Amo y criado emprendieron
el viaje, disfrazados de trajinantes navarros, de los que llevaban mosto a Andalucía
para cambiarlo por jerez y montilla.
El de Beaumont, no
pudiendo rechazar sus recelos, dispuso que seis hombres de armas siguieran de
lejos a los trajinantes, por si encontraban alguna asechanza en el camino.
Efectivamente, sus sospechas eran fundadas. Cuando habían pasado las fronteras
de Navarra, don Menendo se adelantó, con el pretexto de explorar el camino.
Momentos después, varios salteadores de aspecto feroz cayeron sobre don
Fadrique. Éste, que iba armado bajo su disfraz, se disponía a defenderse con
temerario valor, cuando llegó don Menendo y le aconsejó que no lo intentara,
pues seguramente aquellos hombres se contentarían con el dinero que llevaba.

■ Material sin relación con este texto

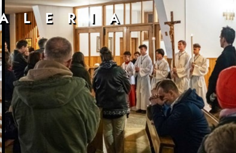
14 III DROGA KRZYŻOWA
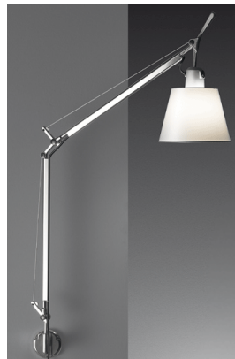
ARTEMIDE lampada - mod. Tolomeo
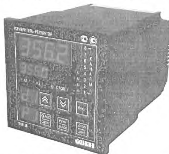
Рис.1 - Общий вид приборов в исполнении Щ4

Фотографии общего вида приборов приведены на рисунках 1 и 2.
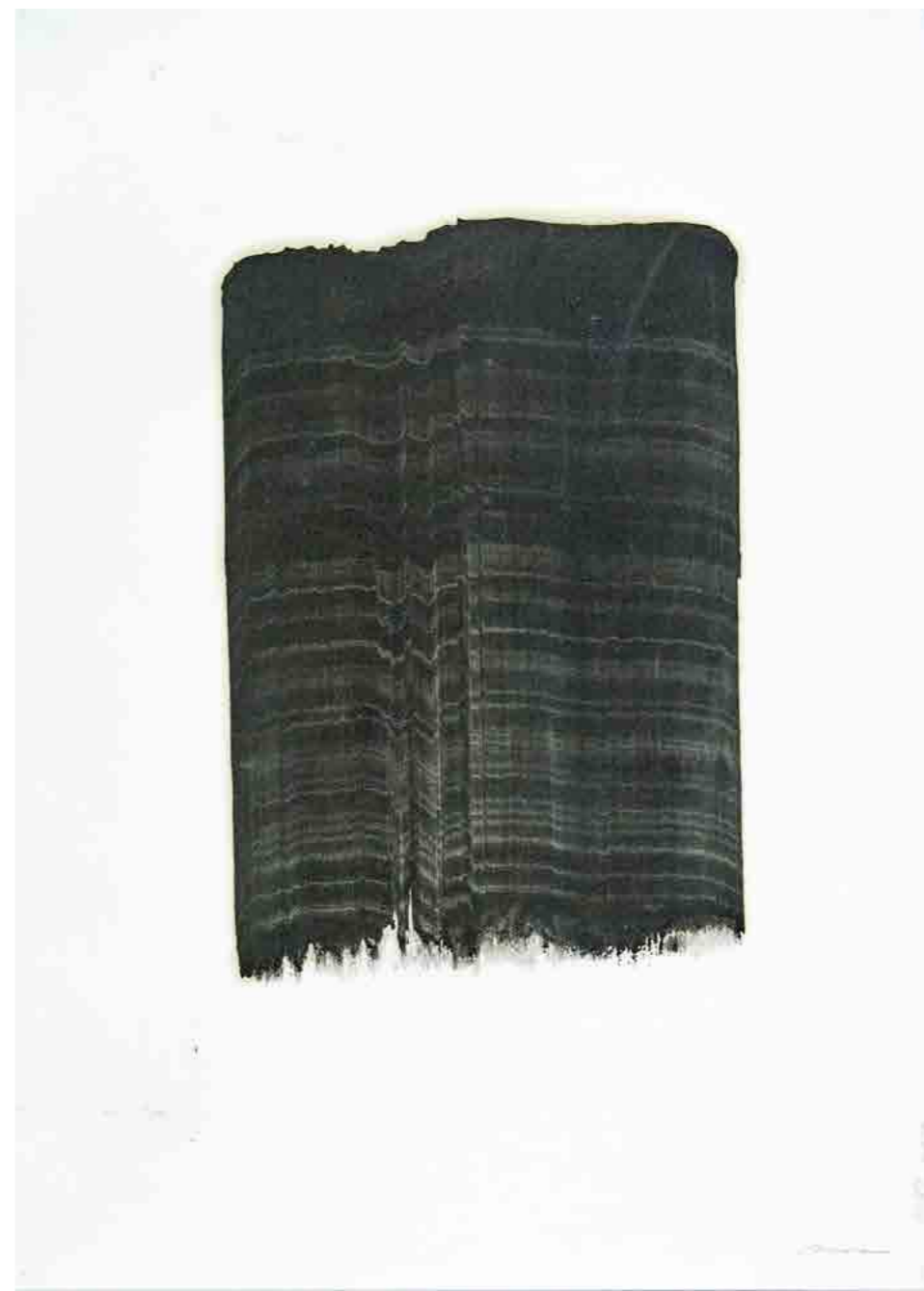
Pintura 2189, 70x50 cms, oli sobre paper
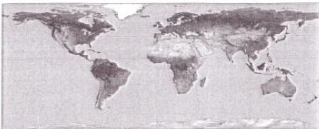
Rozložení vody na zemském (satelitní snímek)

Zemský povrch pokrývá přibližně ze tří čtvrtin voda. Voda je rozložena nerovnoměrně. Většinu (asi 97%) tvoří voda slaná, dále 2% představuje voda v podobě ledu a sněhu. Použitelné je tedy přibližně 1% vody, kterou člověk využívá pro svoji potřebu.
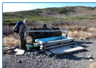
御成清水は止められた
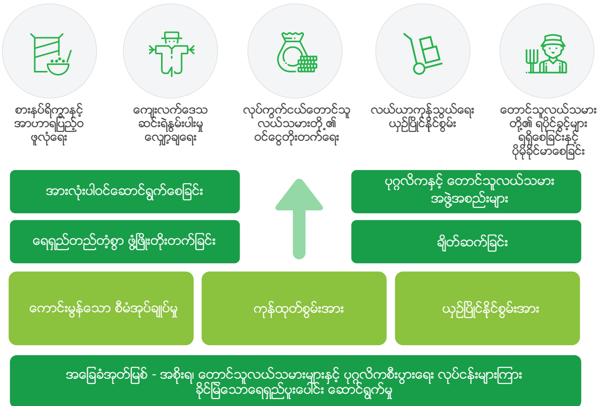
ပုံ ၁ - ADS ၏ မဟာဗျူဟာမူဘောင်

ရလဒ်များ။ အားလုံးပါဝင်ဆောင်ရွက်နိုင်သော၊ စဉ်ဆက်မပြတ်သော၊ ကဏ္ဍပေါင်းစုံပါဝင်သော၊ ချိတ်ဆက်မှုများကို အခြေခံသော ဖွံ့ဖြိုးတိုးတက်မှုကို အရှိန်အဟုန်မြှင့်ခြင်းဖြင့် စားနပ်ရိက္ခာနှင့်အာဟာရဖူလုံမှု၊ ကျေးလက်ဒေသ ဆင်းရဲ နွမ်းပါးမှုလျော့ချခြင်း၊ ကျေးလက်အိမ်ထောင်စု များရှိ လုပ်ကွက်ငယ်တောင်သူလယ်သမားများ၏ ဝင်ငွေမြင့်မားလာမှု၊ စိုက်ပျိုးရေး ကုန်သွယ်မှုများ၏ ယှဉ်ပြိုင်နိုင်စွမ်းနှင့် လယ်သမားများ၏ ရပိုင်ခွင့်များ ပိုမိုခိုင်မာလာခြင်းတို့ ရရှိလာမည်ဟု မျှော်မှန်းထားပါသည်။ ပုံ ၁ တွင် ADS ၏ မဟာဗျူဟာမူဘောင်ကို ပုံဖြင့် ဖော်ပြထားပါသည်။

Los salteadores asintieron a las palabras de don Menendo, y la mirada de
inteligencia que se cambió entre uno y otros hizo comprender la verdad a don
Fadrique. Y cuando su servidor se acercó a coger el dinero, le atravesó el
cuello con la espada.
Los demás hombres se
lanzaron sobre él; pero su espada trazaba en torno suyo un círculo que ninguno
podía pasar. En esto se oyó el galope de unos caballos, e instantes después
llegaban los hombres de Beaumont, que se lanzaron contra los malhechores,
dejándolos a todos tendidos por tierra. Uno de los heridos, bajo promesa de
perdón, confesó que habían sido pagados por un agente del rey, en connivencia
con don Menendo.
Ni la emboscada ni las
nuevas persuasiones de sus amigos pudieron detener a don Fadrique, y siguió su
camino con loca obstinación.
Los hombres de Beaumont
le acompañaron hasta Sevilla, y después regresaron a Navarra.
Durante algunos días, el
maestre residió en la ciudad, ignorado por todos. Algunas tardes, embozado en
una capa de hidalgo, rondaba el Alcázar, con la esperanza de ver a doña María.
Y un día pudo contemplarla en una terraza, acompañada de dos doncellas. Estaba
pálida y parecía triste; pero su belleza era todavía más grande en su dolor.
Don Fadrique la contemplaba tan embelesado, que dejó caer el embozo por unos
momentos. Una de las doncellas, espía pagada por el rey, le reconoció al
instante; pero supo disimular su descubrimiento.
Esta visión decidió a don
Fadrique a dejar el incógnito y a presentarse en Sevilla como el gran maestre
de Calatrava.
Con el pretexto de tratar
un asunto importante, se dirigió al Alcázar, seguido de una lucida cabalgata.
Iba a proponer a su real hermano, en nombre de la Orden , una empresa guerrera
contra los infieles.
Entró en el Alcázar con
la cabeza erguida, el paso resuelto y seguro. Cruzó las primeras estancias
entre los homenajes de la servidumbre. A la puerta de la antecámara real había
dos maceros, rígidos como estatuas. Don Fadrique avanzó resueltamente; pero al
ir a atravesar la puerta, las mazas cayeron sobre él rápidamente una y otra
vez. El maestre de Calatrava cayó al suelo sin proferir un gemido, sin exhalar
un suspiro.
En el suelo de la
antecámara real del Alcázar se puede ver todavía una extensa mancha rojiza. El
pueblo cree que es la sangre de don Fadrique, muerto en ese sitio, el año 1358,
por orden de su hermano el rey don Pedra el Cruel.